= Exercise description =
Your copy should contain exactly the lines from the start of the listing through the line that holds "excel importer를 사용하여하는", and no pictures.

= Exercise materials =
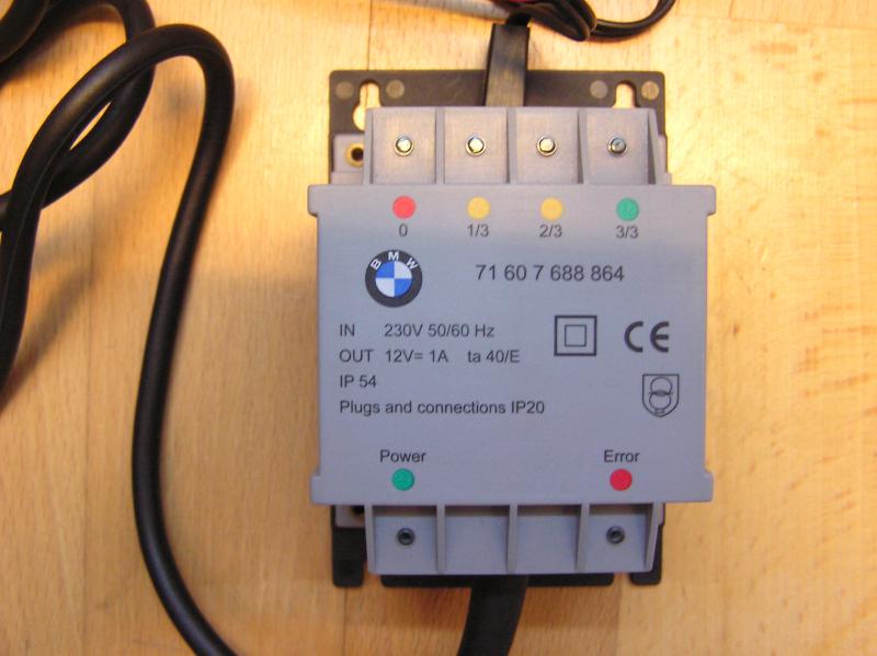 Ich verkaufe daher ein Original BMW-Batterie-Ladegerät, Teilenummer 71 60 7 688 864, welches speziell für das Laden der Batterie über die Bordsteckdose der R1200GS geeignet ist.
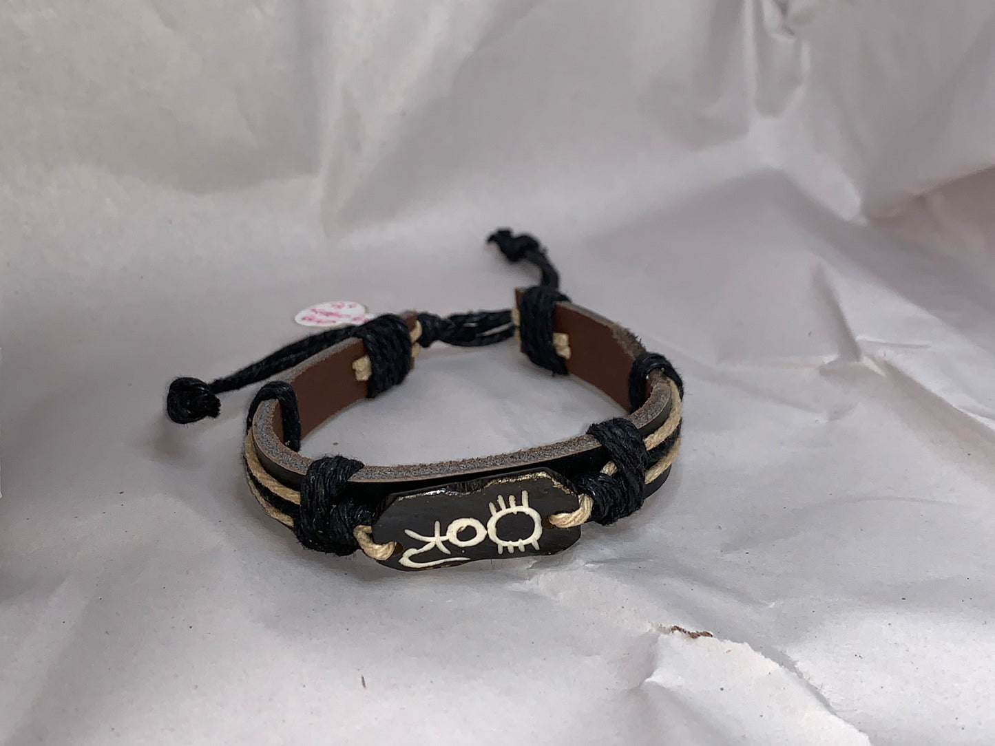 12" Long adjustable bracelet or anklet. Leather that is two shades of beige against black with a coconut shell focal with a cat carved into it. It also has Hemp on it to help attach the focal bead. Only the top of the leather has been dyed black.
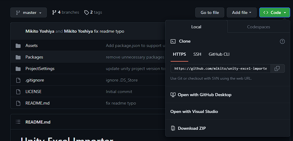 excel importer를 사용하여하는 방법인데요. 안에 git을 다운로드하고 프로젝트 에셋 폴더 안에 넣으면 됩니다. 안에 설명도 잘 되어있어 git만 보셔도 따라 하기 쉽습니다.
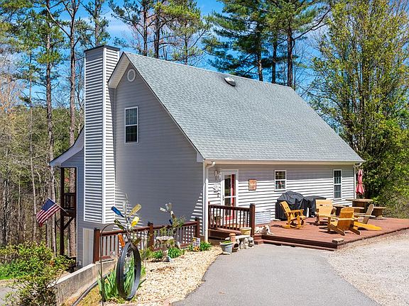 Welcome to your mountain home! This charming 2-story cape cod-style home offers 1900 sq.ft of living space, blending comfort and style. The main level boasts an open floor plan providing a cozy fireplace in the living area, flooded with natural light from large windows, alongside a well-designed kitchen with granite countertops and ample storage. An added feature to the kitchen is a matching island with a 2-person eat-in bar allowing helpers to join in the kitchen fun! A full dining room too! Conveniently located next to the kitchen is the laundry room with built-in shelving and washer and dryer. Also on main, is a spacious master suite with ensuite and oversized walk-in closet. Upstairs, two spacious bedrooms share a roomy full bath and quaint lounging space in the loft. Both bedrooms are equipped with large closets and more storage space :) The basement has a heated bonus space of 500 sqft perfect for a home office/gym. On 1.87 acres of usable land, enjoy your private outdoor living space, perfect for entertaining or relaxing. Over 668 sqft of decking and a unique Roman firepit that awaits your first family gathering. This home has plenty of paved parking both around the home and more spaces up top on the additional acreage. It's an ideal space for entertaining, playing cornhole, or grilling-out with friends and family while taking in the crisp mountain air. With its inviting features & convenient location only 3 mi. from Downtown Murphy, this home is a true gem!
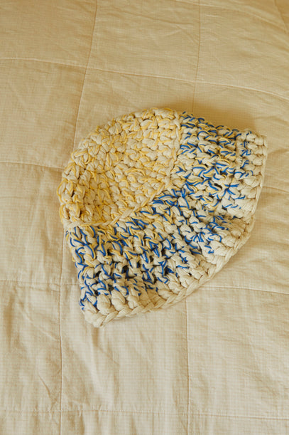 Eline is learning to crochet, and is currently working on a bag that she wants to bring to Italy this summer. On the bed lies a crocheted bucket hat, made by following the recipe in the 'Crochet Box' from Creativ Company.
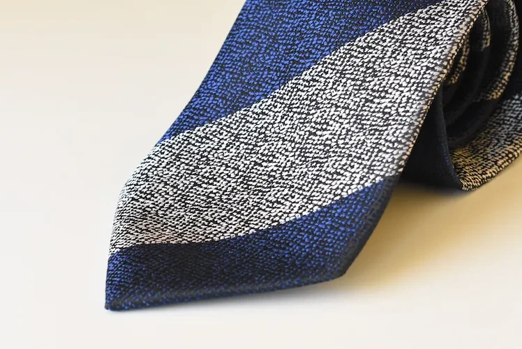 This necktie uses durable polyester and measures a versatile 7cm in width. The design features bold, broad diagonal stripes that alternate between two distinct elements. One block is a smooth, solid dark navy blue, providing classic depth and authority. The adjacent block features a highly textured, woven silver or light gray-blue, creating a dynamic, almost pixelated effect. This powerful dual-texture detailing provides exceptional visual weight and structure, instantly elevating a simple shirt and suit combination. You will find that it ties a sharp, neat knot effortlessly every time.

= Expected answer =
 Ich verkaufe daher ein Original BMW-Batterie-Ladegerät, Teilenummer 71 60 7 688 864, welches speziell für das Laden der Batterie über die Bordsteckdose der R1200GS geeignet ist.
 12" Long adjustable bracelet or anklet. Leather that is two shades of beige against black with a coconut shell focal with a cat carved into it. It also has Hemp on it to help attach the focal bead. Only the top of the leather has been dyed black.
 excel importer를 사용하여하는 방법인데요. 안에 git을 다운로드하고 프로젝트 에셋 폴더 안에 넣으면 됩니다. 안에 설명도 잘 되어있어 git만 보셔도 따라 하기 쉽습니다.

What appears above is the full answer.